= Steuart Bedford =

English conductor and pianist (1939–2021)

Steuart John Rudolf Bedford (31 July 1939 – 15 February 2021) was an English orchestral and opera conductor and pianist.

He was the brother of composer David Bedford and of singer Peter Lehmann Bedford and a grandson of Liza Lehmann and Herbert Bedford; his parents were Leslie Bedford, an inventor, and Lesley Duff, a soprano opera singer.

Bedford was particularly associated with the music of Benjamin Britten, and conducted the world premiere of Death in Venice in 1973. Bedford also conducted Britten's other operas, and made an orchestral suite of music from Death in Venice. Between 1974 and 1998, he was one of the artistic directors of the Aldeburgh Festival. In 1989, he became joint artistic director with Oliver Knussen. In the summer of 2013, Bedford conducted a performance of Peter Grimes which was staged in its natural setting on the beach at Aldeburgh. His book Knowing Britten, compiled through his conversations with the tenor Christopher Gillett, was published in June 2021 by the Britten Press.

His other work in contemporary opera included conducting the 1996 world premiere in Monte Carlo of Lowell Liebermann's The Picture of Dorian Gray, and also the 1999 US premiere.

Bedford conducted several commercial recordings of Britten operas, including the first recording of Death in Venice (Decca), as well as The Turn of the Screw (Collins Classics, since reissued on Naxos).

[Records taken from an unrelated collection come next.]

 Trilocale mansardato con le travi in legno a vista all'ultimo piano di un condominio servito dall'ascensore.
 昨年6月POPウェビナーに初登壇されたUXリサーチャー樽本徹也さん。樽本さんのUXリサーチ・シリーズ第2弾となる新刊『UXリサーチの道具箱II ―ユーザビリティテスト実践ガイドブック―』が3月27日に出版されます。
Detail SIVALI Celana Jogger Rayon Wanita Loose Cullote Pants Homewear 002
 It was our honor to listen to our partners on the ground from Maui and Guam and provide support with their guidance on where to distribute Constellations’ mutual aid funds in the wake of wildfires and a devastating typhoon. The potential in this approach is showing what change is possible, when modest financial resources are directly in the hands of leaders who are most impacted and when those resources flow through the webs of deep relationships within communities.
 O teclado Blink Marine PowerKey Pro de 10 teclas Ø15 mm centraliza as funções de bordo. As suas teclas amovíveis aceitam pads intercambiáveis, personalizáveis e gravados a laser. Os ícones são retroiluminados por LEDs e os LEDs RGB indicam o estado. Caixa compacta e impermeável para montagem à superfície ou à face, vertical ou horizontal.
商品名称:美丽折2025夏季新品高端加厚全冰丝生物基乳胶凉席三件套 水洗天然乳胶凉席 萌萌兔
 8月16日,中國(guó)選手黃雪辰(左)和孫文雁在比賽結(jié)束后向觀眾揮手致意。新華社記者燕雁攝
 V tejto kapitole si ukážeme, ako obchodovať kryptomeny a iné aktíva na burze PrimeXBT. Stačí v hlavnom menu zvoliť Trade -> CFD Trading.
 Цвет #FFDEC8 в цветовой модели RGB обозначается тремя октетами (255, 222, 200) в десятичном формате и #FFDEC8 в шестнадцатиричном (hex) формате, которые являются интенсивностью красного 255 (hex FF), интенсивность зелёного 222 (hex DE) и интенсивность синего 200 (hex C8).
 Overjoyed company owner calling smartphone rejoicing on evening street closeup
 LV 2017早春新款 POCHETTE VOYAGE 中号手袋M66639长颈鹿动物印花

He also recorded his Death in Venice suite and the major vocal cycles by Britten.

Bedford made his operatic conducting debut in February 1964 at the Oxford Playhouse with Britten's Albert Herring.

Bedford was appointed Officer of the Order of the British Empire (OBE) in the 2016 New Year Honours for services to music.

He was married twice: first to the soprano Norma Burrowes, which ended in divorce in 1980, and secondly to Celia Harding, who predeceased him in 2020. Bedford's elder daughter Charmian Bedford is an operatic soprano working internationally, and his younger daughter Joanna Bedford is an Education Producer at Opera North.

He died on 15 February 2021, aged 81.